Your assignment:
Begin with the first line of the material and write out each line exactly, ending with the line that contains "XS 1960s Jacket". Pictures are not part of the copy.

Collected material:

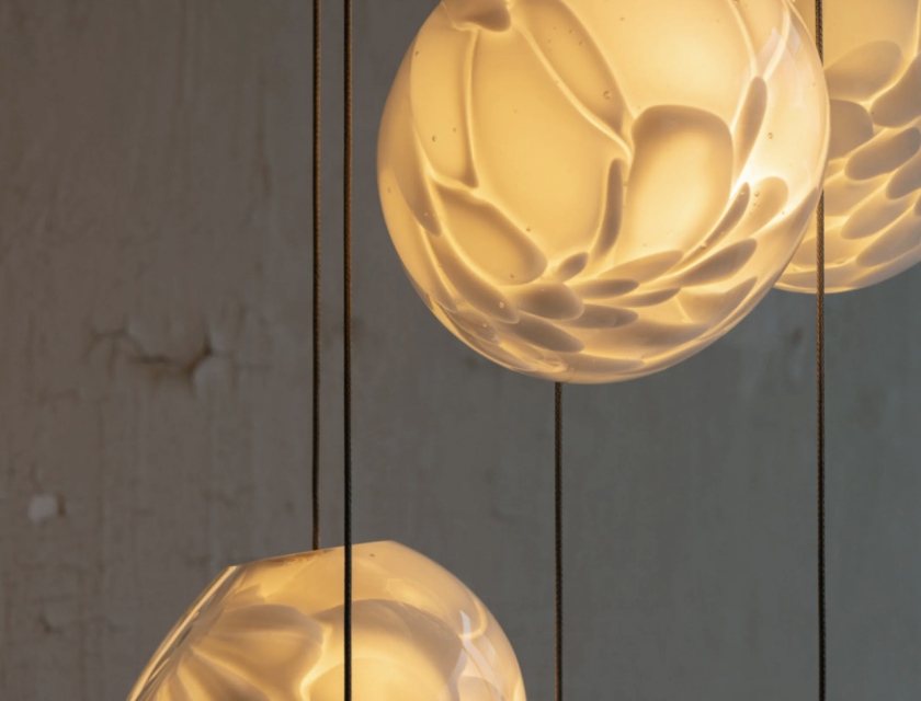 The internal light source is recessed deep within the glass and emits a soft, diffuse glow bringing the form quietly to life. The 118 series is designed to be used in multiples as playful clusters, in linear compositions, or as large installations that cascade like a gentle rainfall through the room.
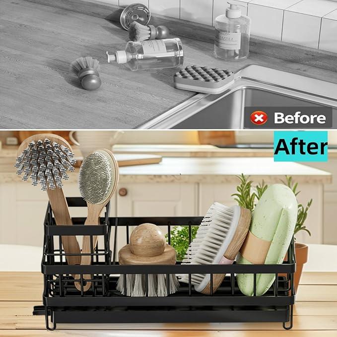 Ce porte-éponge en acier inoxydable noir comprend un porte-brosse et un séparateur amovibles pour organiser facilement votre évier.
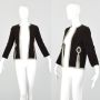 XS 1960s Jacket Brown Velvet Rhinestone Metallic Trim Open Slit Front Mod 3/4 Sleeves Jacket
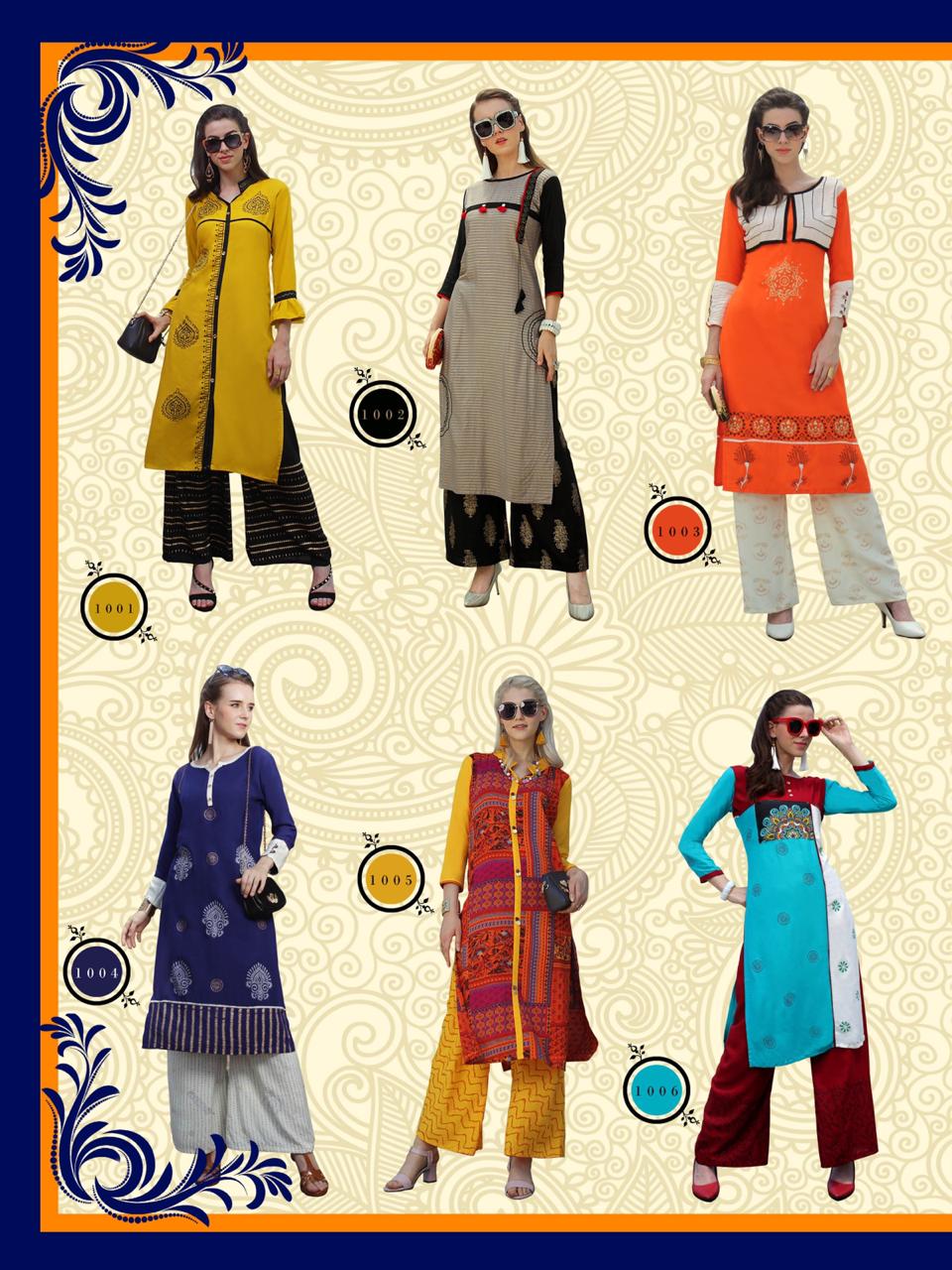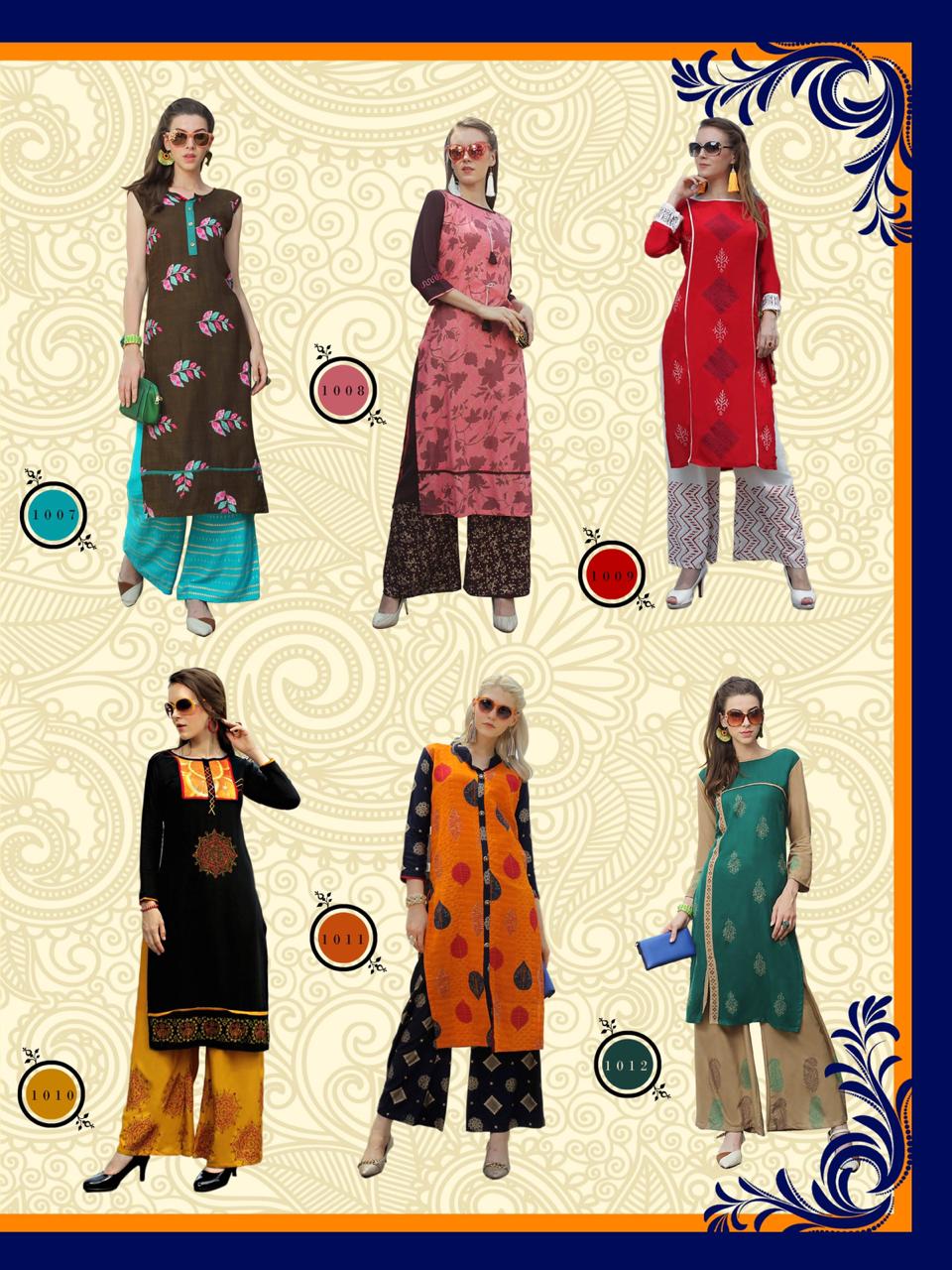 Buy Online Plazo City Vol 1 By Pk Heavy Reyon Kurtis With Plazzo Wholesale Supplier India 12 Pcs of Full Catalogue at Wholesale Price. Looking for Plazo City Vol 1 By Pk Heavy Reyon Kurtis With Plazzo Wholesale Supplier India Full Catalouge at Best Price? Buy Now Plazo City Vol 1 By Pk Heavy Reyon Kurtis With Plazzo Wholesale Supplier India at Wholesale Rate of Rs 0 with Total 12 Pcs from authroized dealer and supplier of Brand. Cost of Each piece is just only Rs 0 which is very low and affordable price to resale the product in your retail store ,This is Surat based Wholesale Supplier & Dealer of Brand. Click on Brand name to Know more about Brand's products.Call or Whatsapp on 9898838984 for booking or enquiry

Task answer:
 The internal light source is recessed deep within the glass and emits a soft, diffuse glow bringing the form quietly to life. The 118 series is designed to be used in multiples as playful clusters, in linear compositions, or as large installations that cascade like a gentle rainfall through the room.
 Ce porte-éponge en acier inoxydable noir comprend un porte-brosse et un séparateur amovibles pour organiser facilement votre évier.
 XS 1960s Jacket Brown Velvet Rhinestone Metallic Trim Open Slit Front Mod 3/4 Sleeves Jacket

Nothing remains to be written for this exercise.